■ Data section

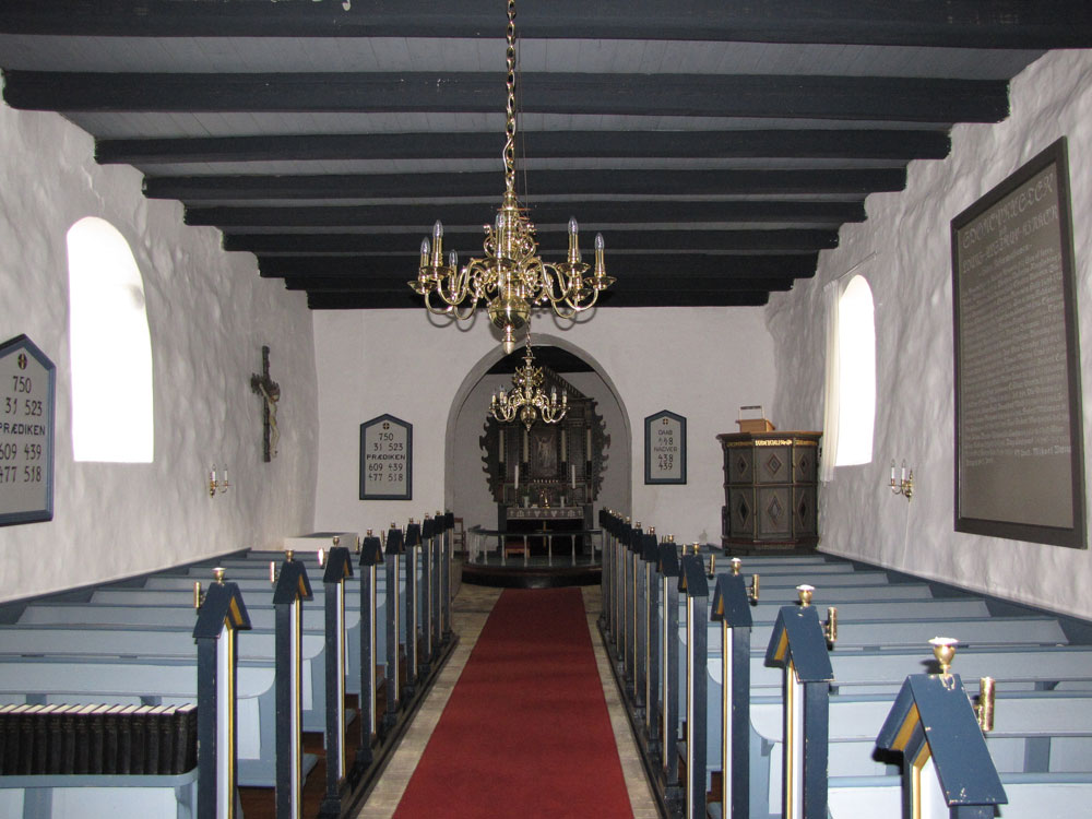Kirken er, efter dens opførelse, blevet ombygget og tilbygget. Blandt andet er den blevet forlænget mod vest, på et tidspunkt i senmiddelalderen. De tykke mure indikerer, at det formentlig har været tanken at de skulle bære et tårn. I stedet for et tårn blev der opført en klokkestabel på kirkens vestvendte gavl, med en klokke fra 1684. Døbefonten er romansk stil og udført i granit. Dåbsfadet er fra Nürnberg, og fremstillet i perioden omkring 1550. Prædikestolen er fra 1576, og den lidt nyere altertavle er fra starten af 1600 tallet.
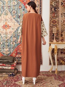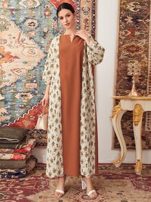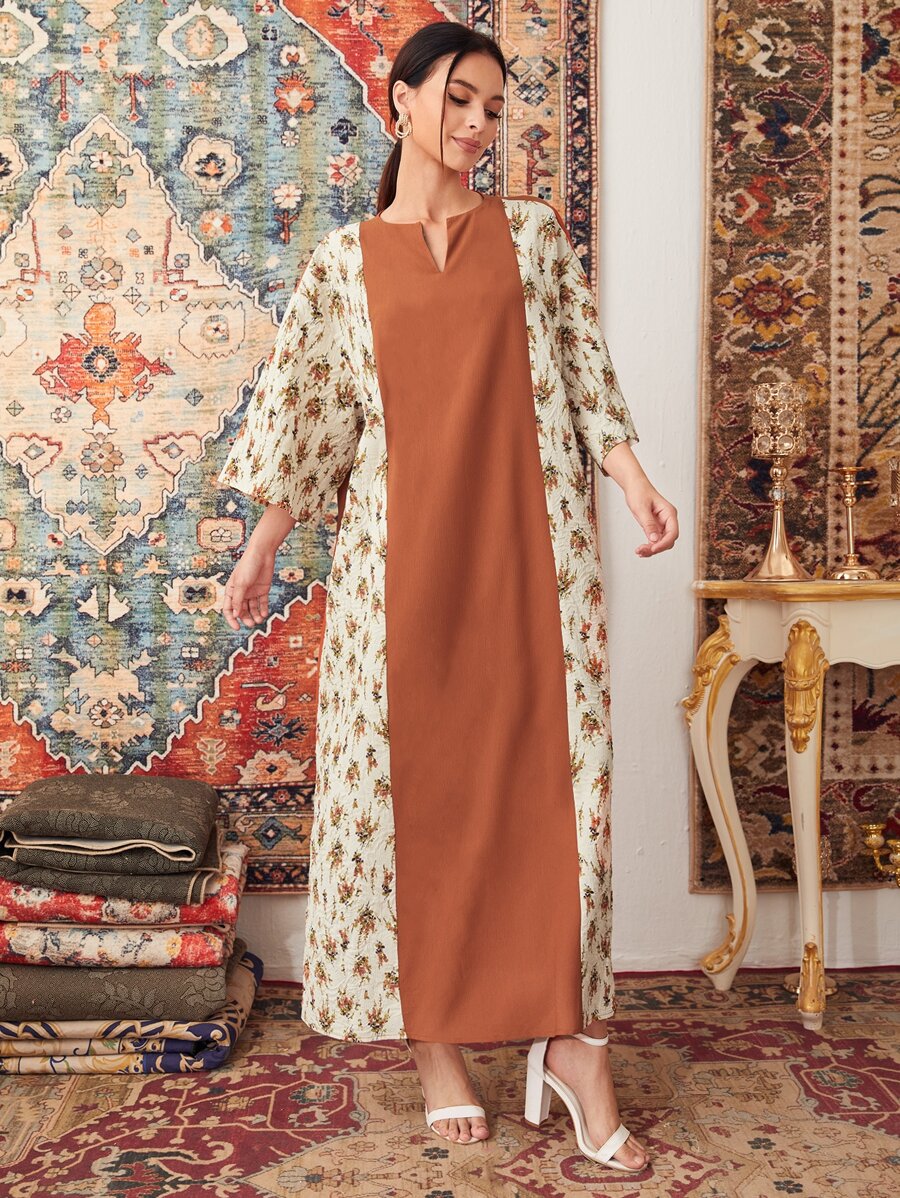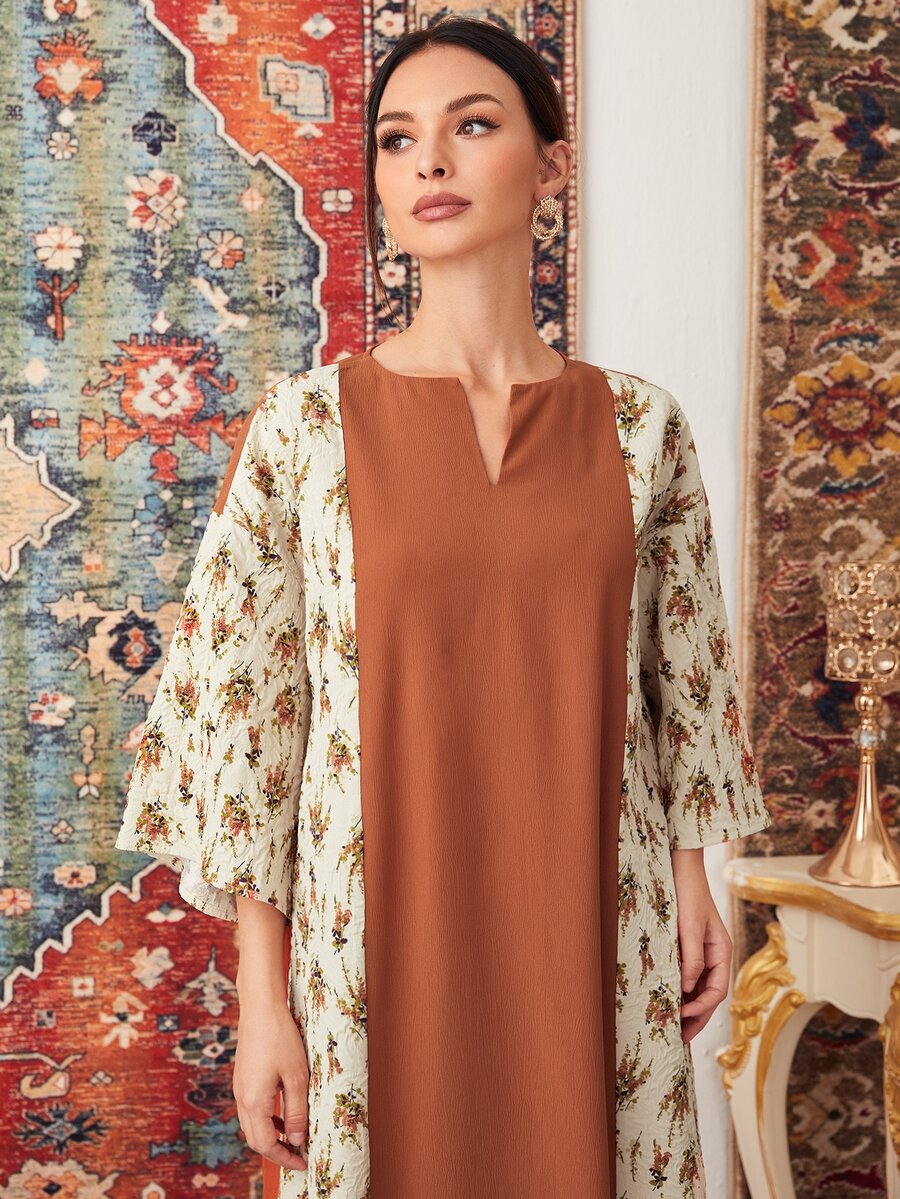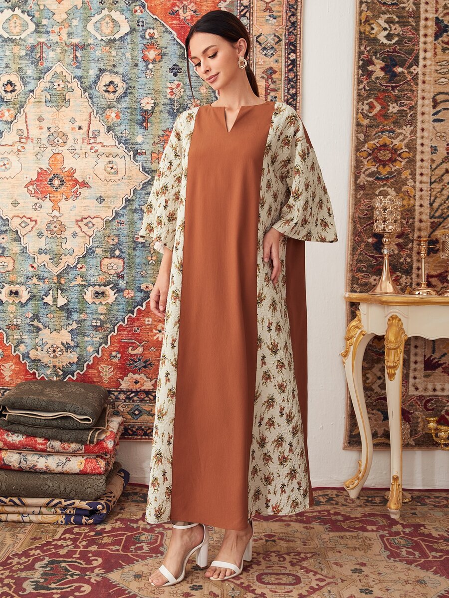 فستان تينت بالوان متجانسة بطباعة زهر بياقة مسنن
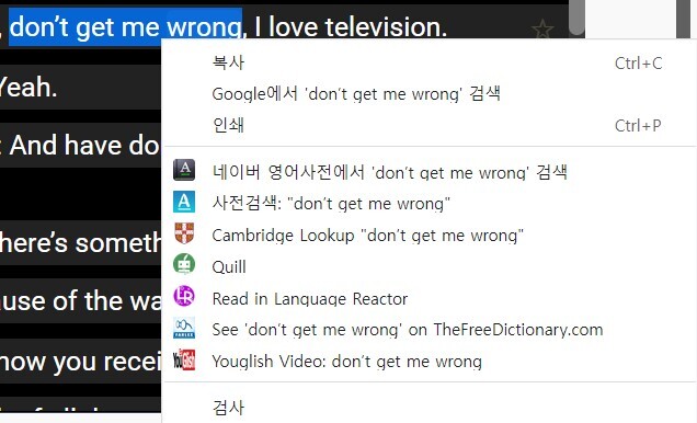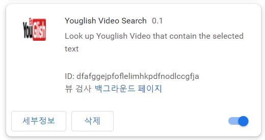 아래와 같은 영영사전과 YouGlish 등 확장 프로그램도 추가하면 쓸만합니다.
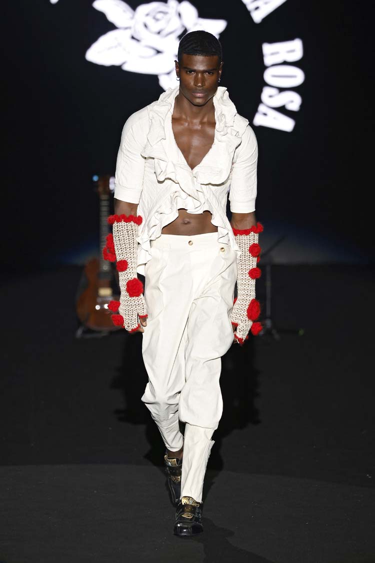 La siguiente firma en desfilar fue Arturo De la Rosa. Su propuesta “Hijos de la incertidumbre” comenzó con música en directo. La artista Diddy Stain introdujo con su guitarra la visión del diseñador y convirtió su propuesta en algo sencillo pero rompedor. La pasarela se inundó de siluetas con estructura y formas más definidas, donde estaban muy presentes la deconstrucción, la costura artesanal o el uso de tintes naturales. Malvas, verdes, blancos o negros fueron los colores que expresaron la ferocidad de la marca. Poco a poco, se irían introduciendo elementos con mayor detalle, como rosas que recorrían el cuerpo de las modelos o guantes con detalles florales que elevarían mucho más el look. La dedicación y emoción que el diseñador había puesto en cada una de las prendas era notable, pero no sería hasta el final de la presentación cuando todo ese esfuerzo se haría evidente. El creador de la firma salió a expresar su gratitud a la pasarela y, poco después, celebró el éxito de su presentación. Todo ello se mostró a través de un abrazo en el que se fundieron diseñador y modelos tras el cierre del desfile. De nuevo, Arturo De la Rosa presentaba una colección basada en el «power-wear«, donde toma importancia la confección de prendas teniendo en cuenta las necesidades específicas de cada cuerpo.
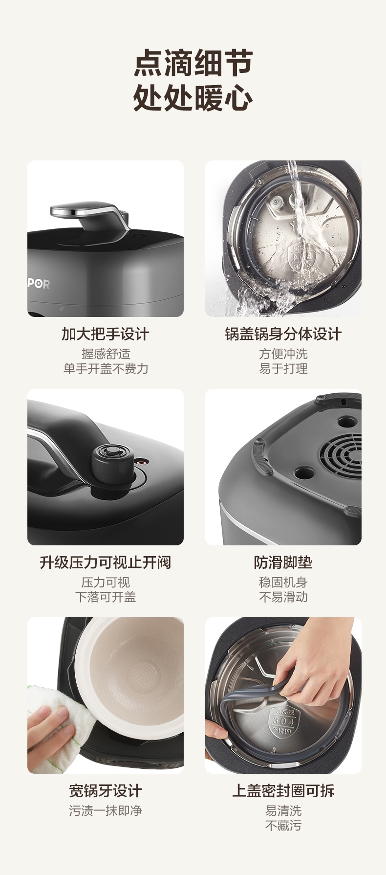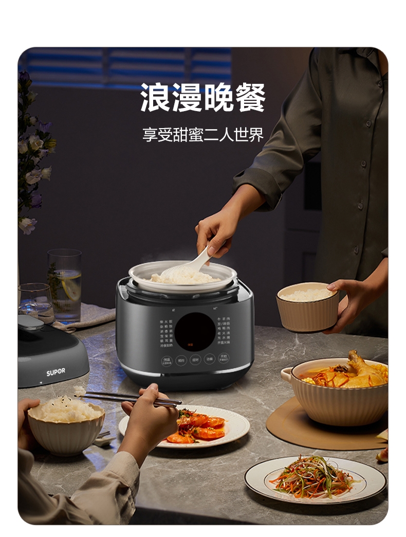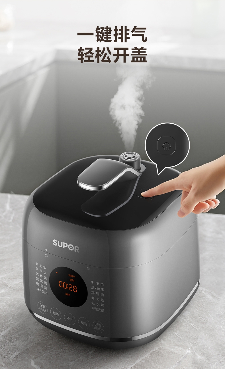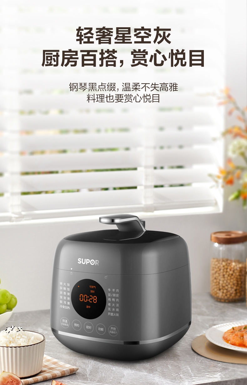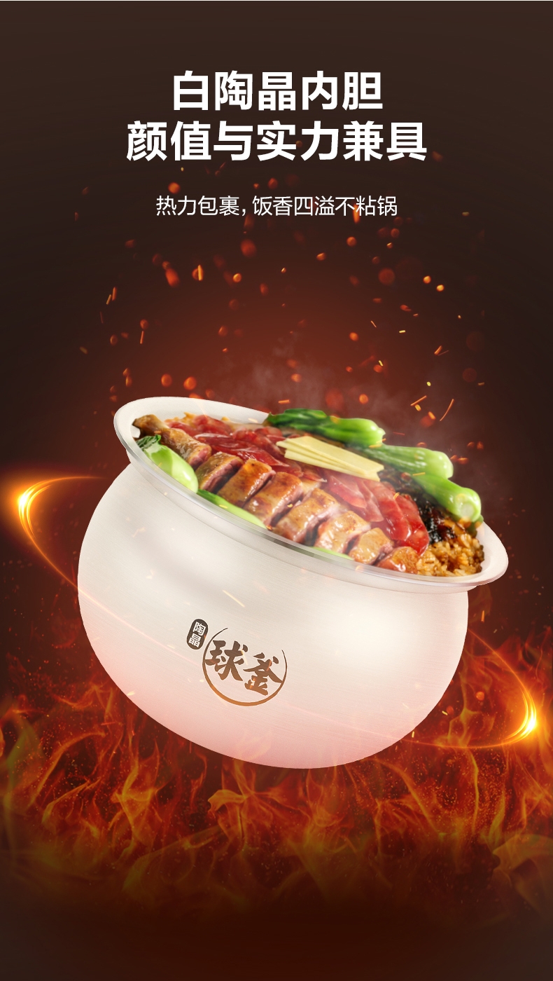 旋钮易操作出菜快人一步,一旋一按快启美味食刻;球釜内胆环流大沸腾,高温高压猛火炖骨肉分离尽兴吃;13大功能菜单触控面板和精控旋钮,轻旋美味即享;24小时预约可定时设计时间口感自主掌控
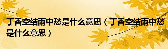 导读 大家好,精选小综来为大家解答以上的问题。丁香空结雨中愁是什么意思,丁香空结雨中愁是什么意思很多人还不知道,现在让我们一起来看看吧!
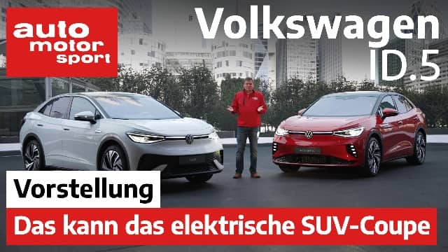 Der VW ID.5 zeigt sich als aerodynamisch optimierte Coupé-Version des ID.4. Mit einer Länge von 4,58 Metern und einer um drei Zentimeter reduzierten Höhe von 1,61 Metern erreicht er einen verbesserten cw-Wert von 0,26. Das Top-Modell GTX leistet 299 PS und verspricht dank besserer Aerodynamik eine Reichweite von bis zu 490 Kilometern. Alle Varianten setzen auf den großen 77-kWh-Akku, die Einstiegsversion startet bei 174 PS. Während der ID.5 Pro in 10,4 Sekunden auf 100 km/h sprintet, schafft es die Pro Performance Version mit 204 PS in 8,4 Sekunden. Die Höchstgeschwindigkeit ist bei allen Modellen auf 160 km/h begrenzt. Im Video zeigen wir die wichtigsten Details des elektrischen SUV-Coupés und erklären die Unterschiede zum ID.4.
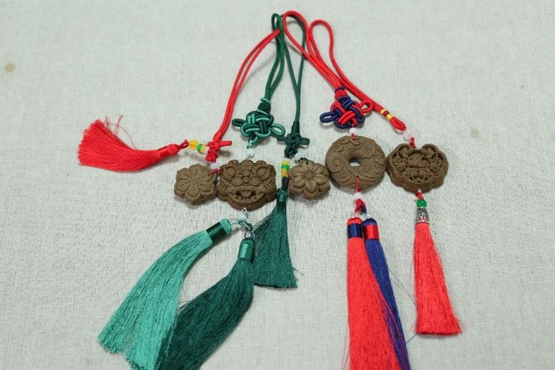 4.醒好的药泥放入石臼中反复捶打,至颜色均匀、拉伸不易断裂;5.将药泥填入香牌模具压实,用竹签轻撬边缘脱模,置于干燥通风处阴干后,穿绳装饰即可。

■ Exercise description
Give again exactly the lines from the one that contains "导读 大家好,精选小综来为大" through the end of the material, both ends included, omitting the pictures.

■ Exercise answer
 导读 大家好,精选小综来为大家解答以上的问题。丁香空结雨中愁是什么意思,丁香空结雨中愁是什么意思很多人还不知道,现在让我们一起来看看吧!
 Der VW ID.5 zeigt sich als aerodynamisch optimierte Coupé-Version des ID.4. Mit einer Länge von 4,58 Metern und einer um drei Zentimeter reduzierten Höhe von 1,61 Metern erreicht er einen verbesserten cw-Wert von 0,26. Das Top-Modell GTX leistet 299 PS und verspricht dank besserer Aerodynamik eine Reichweite von bis zu 490 Kilometern. Alle Varianten setzen auf den großen 77-kWh-Akku, die Einstiegsversion startet bei 174 PS. Während der ID.5 Pro in 10,4 Sekunden auf 100 km/h sprintet, schafft es die Pro Performance Version mit 204 PS in 8,4 Sekunden. Die Höchstgeschwindigkeit ist bei allen Modellen auf 160 km/h begrenzt. Im Video zeigen wir die wichtigsten Details des elektrischen SUV-Coupés und erklären die Unterschiede zum ID.4.
 4.醒好的药泥放入石臼中反复捶打,至颜色均匀、拉伸不易断裂;5.将药泥填入香牌模具压实,用竹签轻撬边缘脱模,置于干燥通风处阴干后,穿绳装饰即可。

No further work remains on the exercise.